We can also calculate the following:

\text{total number of possible outcomes} = 22

because there are 9 total cars in the lot that could potentially leave

11 black cars
8 red cars
3 blue cars

Now, we can substitute. We get

$\text{probability a black car leaves} = \frac{11}{22}$

$\text{probability a black car leaves} = \frac{1}{2}$

Therefore, the probability that a black car leaves the parking lot is $\frac{1}{2}$ .

A die is altered so that it comes up a "6" with probability $\frac{1}{4}$ . The other five outcomes are equally likely. If this die and a fair die are rolled, what is the probability that the outcome will be a total of "2"?

$\frac{1}{40}$

$\frac{1}{36}$

$\frac{9}{400}$

$\frac{3}{20}$

Explanation

For a "2" to be rolled with two dice, both dice must show a "1". In the fair die, this is one of six equally likely outcomes, so it will happen with probability $\frac{1}{6}$ .

In the loaded die, since a "6" will come up with probability $\frac{1}{4}$ , for the other five rolls to be equally likely, each, including "1", must come up with probability

$\frac{1}{5} \left ( 1 - \frac{1}{4}\right ) = \frac{1}{5} \times \frac{3}{4} = \frac{3}{20}$ .

A double "1" will appear with probability

$\frac{1}{6} \times \frac{3}{20} = \frac{1}{2} \times \frac{1}{20 } = \frac{1}{40}$ .

A parking lot contains the following:

7 blue cars
1 white car
3 black cars

Find the probability the next car that leaves is a blue car.

$\frac{7}{11}$

$\frac{1}{7}$

$\frac{7}{4}$

$\frac{1}{11}$

Explanation

To find the probability of an event, we will use the following formula:

$\text{probability of event} = \frac{\text{number of ways event can happen}}{\text{total number of possible outcomes}}$

Now, given the event of a blue car leaves next, we can calculate the following:

\text{number of ways event can happen} = 7

because there are 7 blue cars in the lot

We can also calculate the following:

\text{total number of possible outcomes} = 11

because there are 11 total cars in the lot that could potentially leave:

7 blue cars
1 white car
3 black cars

Now, we can substitute. We get

$\text{probability a blue car leaves} = \frac{7}{11}$

Therefore, the probability that a blue car leaves the parking lot is $\frac{7}{11}$ .
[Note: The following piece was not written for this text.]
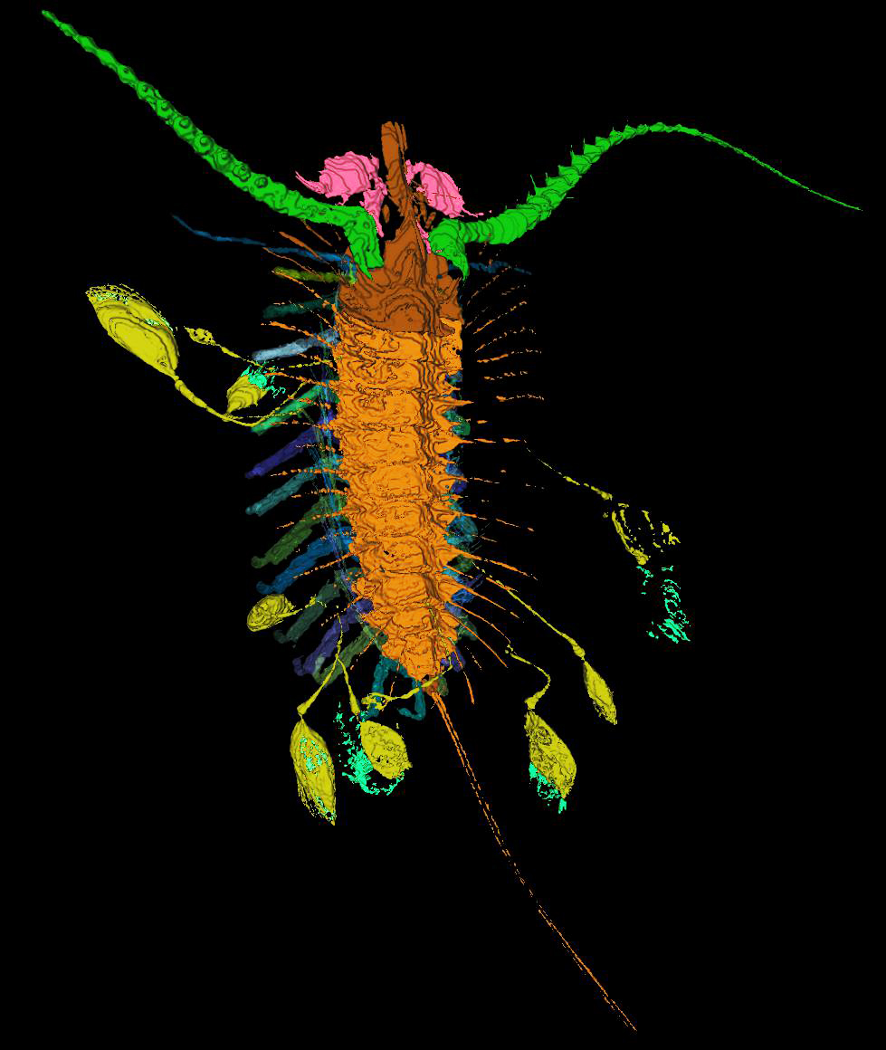 Image of the Silurian arthropod Aquilonifer spinosus, courtesy of the author, Derek Briggs.

A weighted coin is flipped times. It is weighted such that heads comes up out of times on average. What is the probability that the person in question will flip all tails?

$\frac{16}{625}$

$\frac{8}{5}$

$\frac{2}{5}$

$\frac{8}{25}$

$\frac{81}{625}$

Explanation

If the weighting is $\frac{3}{5}$ for heads, this means that it is $\frac{2}{5}$ for tails. Therefore, the probability of flipping tails will be:

$\frac{2}{5}*\frac{2}{5}*\frac{2}{5}*\frac{2}{5}=\frac{16}{625}$

Billy flips a fair coin three times. His results were three tails. Billy then flipped the coin three times again and was shocked to see the results were also three tails! What is the probability that Billy flipped the coin 6 times, and all trials are tails?

$\frac{1}{64}$

$\frac{1}{3}$

$\frac{1}{12}$

$\frac{1}{128}$

$\frac{1}{4}$

Explanation

Every result for a fair coin is independent of the previous trials.
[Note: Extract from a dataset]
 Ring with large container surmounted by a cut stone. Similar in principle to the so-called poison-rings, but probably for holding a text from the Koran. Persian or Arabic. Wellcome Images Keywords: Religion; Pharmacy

The probability of landing heads or tails is $\frac{1}{2}$ .

For the coin to land on tails six consecutive times,

$(\frac{1}{2})^6 =(\frac{1}{2})(\frac{1}{2})(\frac{1}{2})(\frac{1}{2})(\frac{1}{2})(\frac{1}{2})$

The answer is: $\frac{1}{64}$

What is the probability of selecting a king from a deck of cards, putting it aside, and then selecting an ace?

$\frac{4}{663}$

$\frac{1}{169}$

$\frac{2}{13}$

$\frac{1}{2652}$

$\frac{1}{2704}$

Explanation

This question involves probability WITHOUT replacement.

In a regular deck of cards, there are 52 cards, with 4 kings. The probability of selecting a king is $\frac{4}{52}$ . Once that card is out of the deck, there are 51 cards left. There are 4 aces out of 51 cards. The probability of selecting an ace out of 51 cards is $\frac{4}{51}$ .

The probability of selecting a kind AND an ace is $(\frac{4}{52})(\frac{4}{51})=\frac{16}{2652}=\frac{4}{663}$

When rolling a $\small 6$ -sided die, what is the probability of rolling $\small 3$ or greater?

$\small \frac{2}{3}$

$\small \frac{1}{2}$

$\small \frac{1}{6}$

$\small \frac{1}{3}$

Explanation

When rolling a die, the following outcomes are possible:

$\small 1,2,3,4,5,6$

Of the $\small 6$ outcomes, $\small 4$ outcomes are $\small 3$ or greater. Therefore,

$\small P=\frac{4}{6}=\frac{2}{3}$

Six boys and four girls are finalists in a drawing. The ten names are placed into a hat, and two are drawn at random. What is the probability that both names drawn will be girls?

$\frac{2}{15}$